Потом началась рвота. Следом пришла лихорадка, а с ней борьба с желанием трансформироваться в паука до того, как он подберется к старому Белому Папуле достаточно близко, чтобы оторвать ему руки-ноги. Существо, чье пришествие предсказывалось тысячи лет (в основном, Мэнни, и, обычно, испуганным шепотом), существо, которому предстояло вырасти в получеловека-полубога, существо, которому предстояло наблюдать за уходом человечества и возвращением Прима… это существо, наконец-то появилось в облике наивного, со злым сердцем ребенка, который теперь умирал, потому что набил живот отравленной кониной.
Ка не могла приложить к этому руку.
3
В день ухода Сюзанны Роланд и его два спутника не сумели много пройти. Пусть Роланд и запланировал на этот день довольно-таки небольшой переход, чтобы выйти к Башне на закате следующего дня, ему бы и не удалось далеко уйти от их последнего лагеря. У стрелка щемило сердце, он чувствовал себя одиноким, уставшим чуть ли не до смерти. Патрик тоже устал, но он, по крайней мере, при желании мог ехать на повозке, и изъявил такое желание, большую часть дня действительно ехал, спал, рисовал, часть пути шел, чтобы потом опять забраться на Хо-2 и вздремнуть.

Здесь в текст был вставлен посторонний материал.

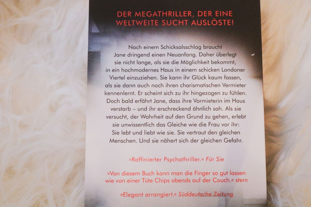 Das neue Haus wird zugleich ein Geschenk des Himmels und ein Fluch. In der Beziehung von Jane und Simon geht alles den Berg ab. Als Jane neue Fakten über die Vergangenheit der vorherigen Mieterin Emma erfährt, beginnt sie selbstständig nach der Wahrheit zu suchen. Sie entscheidet sich das Geheimnis von Emmas Tod zu entdecken. Die Vormieterin ist von ein Paar Jahren in dem House an Folgate Street 1 gestorben. Merkwürdig stellt es sich heraus, dass die beiden Frauen fast identisch aussahen und gleich harte Erfahrungen erlebt haben. Ein Zufall? Und wer ist der mysteriöse Besitzer Edward Monkford und warum möchte er sich der Jane so nähern?

Пульс Башни с силой бился в голове и сердце Роланда, мощная, прекрасная песня звучала в ушах, ее исполнял тысячеголосый хор, но все это не могло вытопить свинец из его костей. А потом, когда он искал тенистое место, чтобы остановиться и перекусить, как они всегда делали в полдень (хотя уже давно пошла вторая половина дня), его глазам открылось нечто такое, что разом заставило забыть и про усталость, и про печаль.
На обочине дороги росла дикая роза, судя по всему, точная копия той, что они видели на пустыре. Она цвела, невзирая на совершенно не подходящее для цветения время года, которое Роланд определил, как очень раннюю весну. Светло-розовые наружные лепестки плавно переходили в яростно-красную середину, цвет, по разумению Роланда, желаний сердца. Он упал на колени перед розой, наклонился ухом к коралловой чашечке, прислушался.
Роза пела.
Усталость осталась, как ей и положено (во всяком случае, по эту сторону могилы), но одиночество и грусть исчезли, хотя бы на какое-то время. Он всматривался в сердцевину розы и видел в самом ее центре что-то желтое, столь яркое, что не мог смотреть туда в упор.
«Ворота Гана, — подумал он, не зная точно, что это означает, но уверенный в своей правоте. — Ага, ворота Гана, вот что это такое».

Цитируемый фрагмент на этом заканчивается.